- **Listed entries**
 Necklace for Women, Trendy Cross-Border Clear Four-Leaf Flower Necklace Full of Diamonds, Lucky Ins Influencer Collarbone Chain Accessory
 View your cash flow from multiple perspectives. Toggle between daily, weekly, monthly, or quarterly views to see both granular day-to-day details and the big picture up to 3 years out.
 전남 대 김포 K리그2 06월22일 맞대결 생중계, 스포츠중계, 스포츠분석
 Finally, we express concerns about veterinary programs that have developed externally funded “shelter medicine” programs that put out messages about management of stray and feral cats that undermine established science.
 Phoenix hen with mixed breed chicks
==
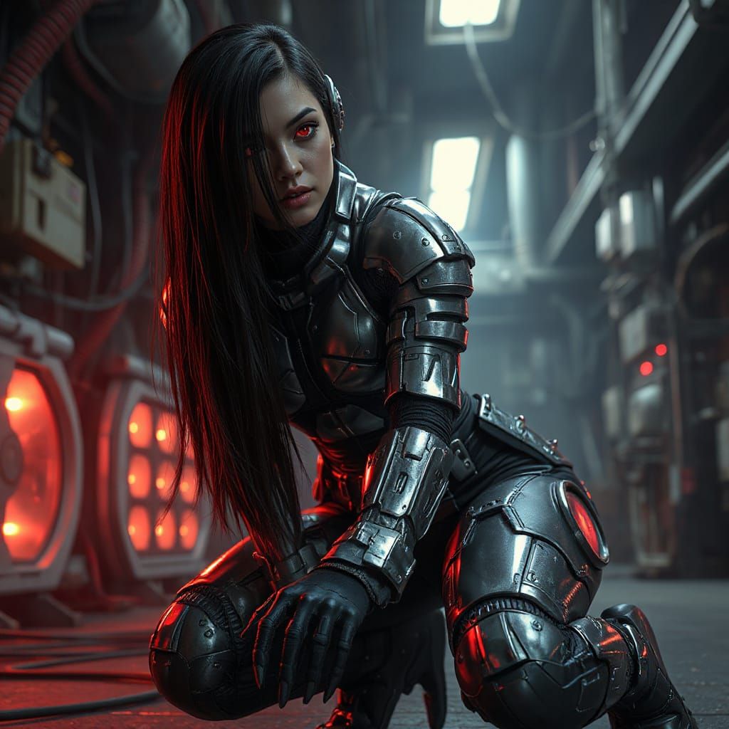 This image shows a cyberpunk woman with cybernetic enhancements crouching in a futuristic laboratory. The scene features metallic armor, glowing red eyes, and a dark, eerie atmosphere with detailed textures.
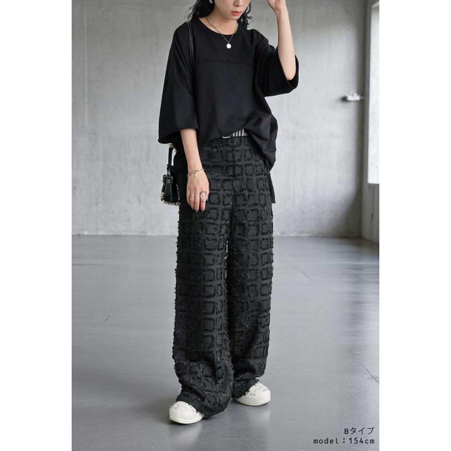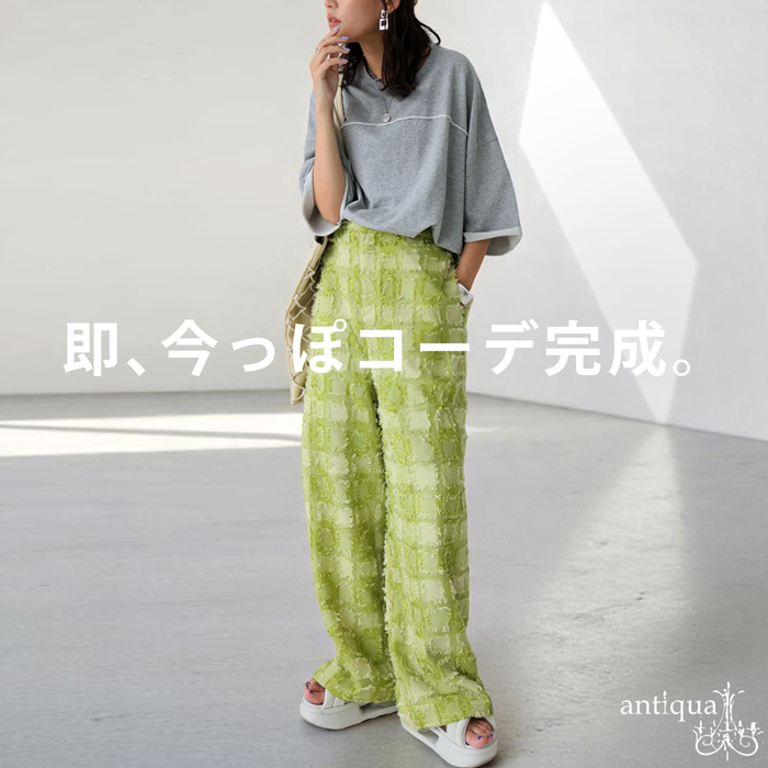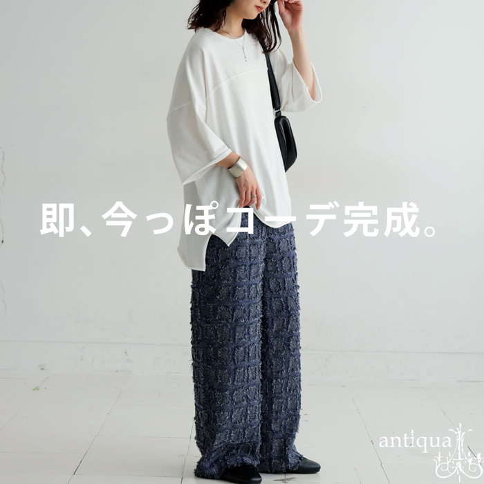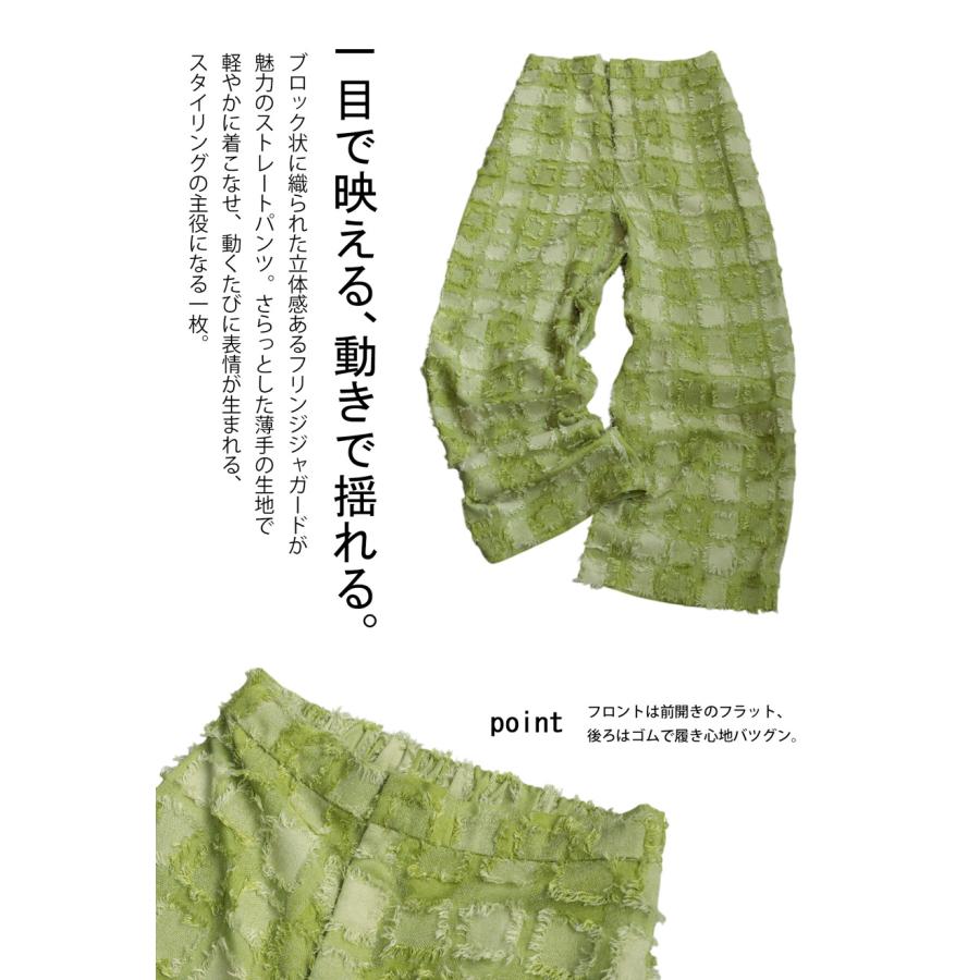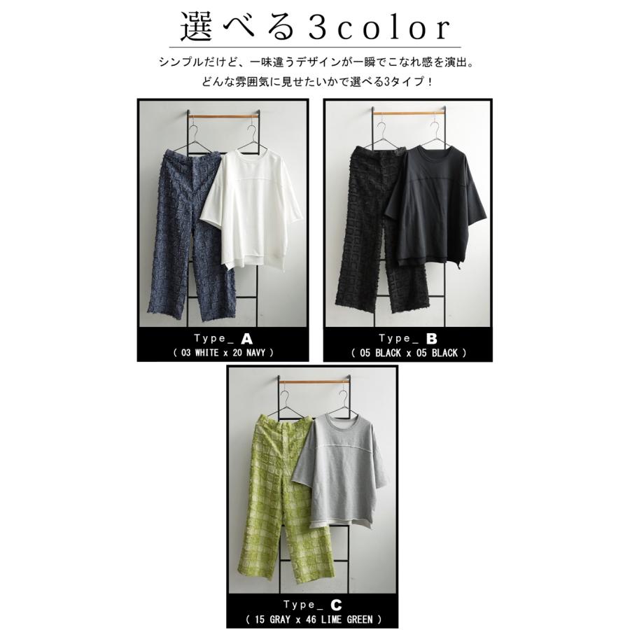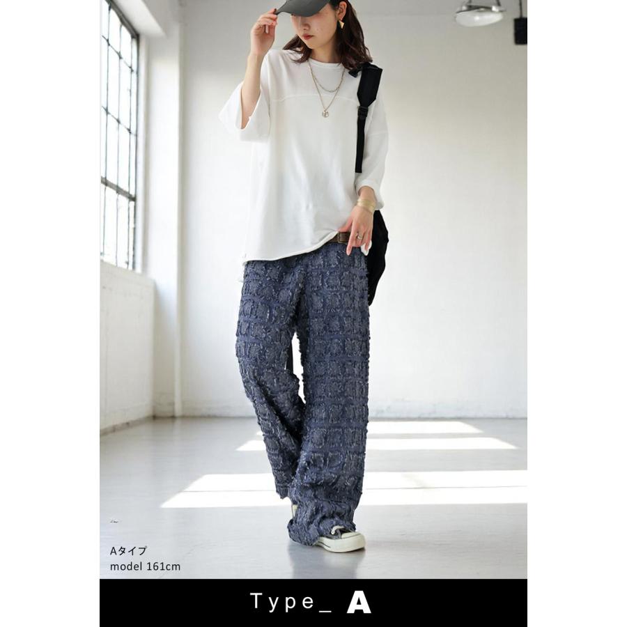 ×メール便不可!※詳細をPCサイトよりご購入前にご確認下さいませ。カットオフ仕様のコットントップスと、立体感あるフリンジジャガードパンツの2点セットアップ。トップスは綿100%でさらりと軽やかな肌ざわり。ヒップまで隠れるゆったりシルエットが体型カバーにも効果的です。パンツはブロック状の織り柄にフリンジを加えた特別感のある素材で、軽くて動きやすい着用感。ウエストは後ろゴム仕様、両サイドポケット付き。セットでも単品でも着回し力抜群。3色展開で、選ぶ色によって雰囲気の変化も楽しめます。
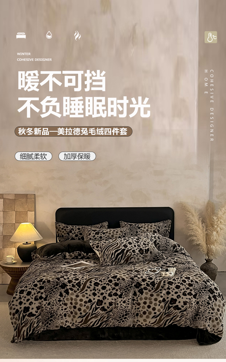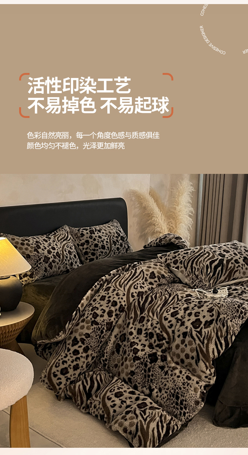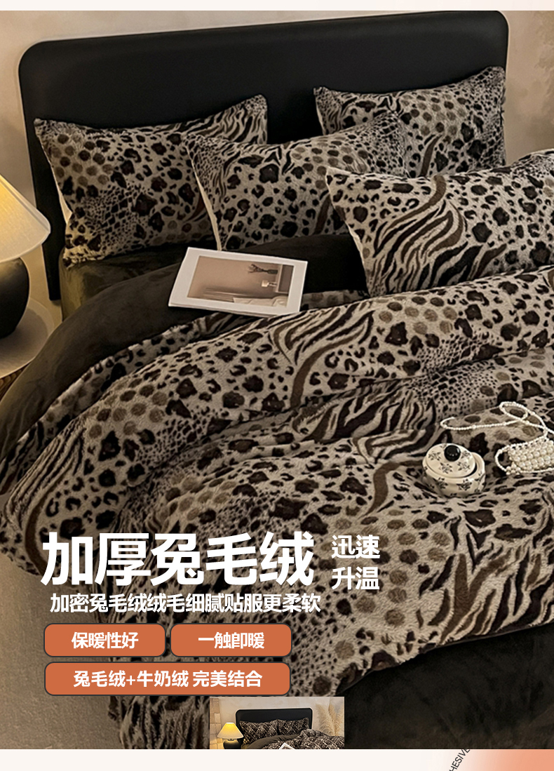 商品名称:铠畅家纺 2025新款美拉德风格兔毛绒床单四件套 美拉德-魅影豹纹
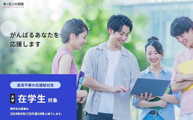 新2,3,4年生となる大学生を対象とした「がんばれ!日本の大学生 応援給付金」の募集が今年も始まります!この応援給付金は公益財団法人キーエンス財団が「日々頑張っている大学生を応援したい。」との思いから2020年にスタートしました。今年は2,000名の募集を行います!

- **Task requirements**
The answer must be the part of the records that opens with the line containing "This image shows" and closes with the line containing "新2,3,4年生となる大学生", reproduced exactly, with no pictures.

- **Finished exercise**
 This image shows a cyberpunk woman with cybernetic enhancements crouching in a futuristic laboratory. The scene features metallic armor, glowing red eyes, and a dark, eerie atmosphere with detailed textures.
 ×メール便不可!※詳細をPCサイトよりご購入前にご確認下さいませ。カットオフ仕様のコットントップスと、立体感あるフリンジジャガードパンツの2点セットアップ。トップスは綿100%でさらりと軽やかな肌ざわり。ヒップまで隠れるゆったりシルエットが体型カバーにも効果的です。パンツはブロック状の織り柄にフリンジを加えた特別感のある素材で、軽くて動きやすい着用感。ウエストは後ろゴム仕様、両サイドポケット付き。セットでも単品でも着回し力抜群。3色展開で、選ぶ色によって雰囲気の変化も楽しめます。
 商品名称:铠畅家纺 2025新款美拉德风格兔毛绒床单四件套 美拉德-魅影豹纹
 新2,3,4年生となる大学生を対象とした「がんばれ!日本の大学生 応援給付金」の募集が今年も始まります!この応援給付金は公益財団法人キーエンス財団が「日々頑張っている大学生を応援したい。」との思いから2020年にスタートしました。今年は2,000名の募集を行います!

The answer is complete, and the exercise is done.